**EXERCISE DETAILS**
Line by line, copy out the data that follows.

(Records from a dataset)

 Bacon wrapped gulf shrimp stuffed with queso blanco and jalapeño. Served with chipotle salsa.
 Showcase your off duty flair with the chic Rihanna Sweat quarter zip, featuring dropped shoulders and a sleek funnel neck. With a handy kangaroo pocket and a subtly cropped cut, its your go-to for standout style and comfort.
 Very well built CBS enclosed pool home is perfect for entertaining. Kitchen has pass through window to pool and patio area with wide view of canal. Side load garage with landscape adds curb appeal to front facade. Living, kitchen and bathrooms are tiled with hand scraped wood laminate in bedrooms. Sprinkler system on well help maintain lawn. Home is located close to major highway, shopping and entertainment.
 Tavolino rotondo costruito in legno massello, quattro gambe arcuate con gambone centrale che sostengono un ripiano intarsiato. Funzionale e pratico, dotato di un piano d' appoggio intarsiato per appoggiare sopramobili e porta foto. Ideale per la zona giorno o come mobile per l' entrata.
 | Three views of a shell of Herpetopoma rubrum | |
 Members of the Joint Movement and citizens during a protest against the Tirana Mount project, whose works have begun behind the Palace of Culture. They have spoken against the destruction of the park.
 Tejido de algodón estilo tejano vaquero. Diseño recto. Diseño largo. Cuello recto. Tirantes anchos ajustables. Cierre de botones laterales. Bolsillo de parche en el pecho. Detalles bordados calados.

**FINISHED EXERCISE**
 Bacon wrapped gulf shrimp stuffed with queso blanco and jalapeño. Served with chipotle salsa.
 Showcase your off duty flair with the chic Rihanna Sweat quarter zip, featuring dropped shoulders and a sleek funnel neck. With a handy kangaroo pocket and a subtly cropped cut, its your go-to for standout style and comfort.
 Very well built CBS enclosed pool home is perfect for entertaining. Kitchen has pass through window to pool and patio area with wide view of canal. Side load garage with landscape adds curb appeal to front facade. Living, kitchen and bathrooms are tiled with hand scraped wood laminate in bedrooms. Sprinkler system on well help maintain lawn. Home is located close to major highway, shopping and entertainment.
 Tavolino rotondo costruito in legno massello, quattro gambe arcuate con gambone centrale che sostengono un ripiano intarsiato. Funzionale e pratico, dotato di un piano d' appoggio intarsiato per appoggiare sopramobili e porta foto. Ideale per la zona giorno o come mobile per l' entrata.
 | Three views of a shell of Herpetopoma rubrum | |
 Members of the Joint Movement and citizens during a protest against the Tirana Mount project, whose works have begun behind the Palace of Culture. They have spoken against the destruction of the park.
 Tejido de algodón estilo tejano vaquero. Diseño recto. Diseño largo. Cuello recto. Tirantes anchos ajustables. Cierre de botones laterales. Bolsillo de parche en el pecho. Detalles bordados calados.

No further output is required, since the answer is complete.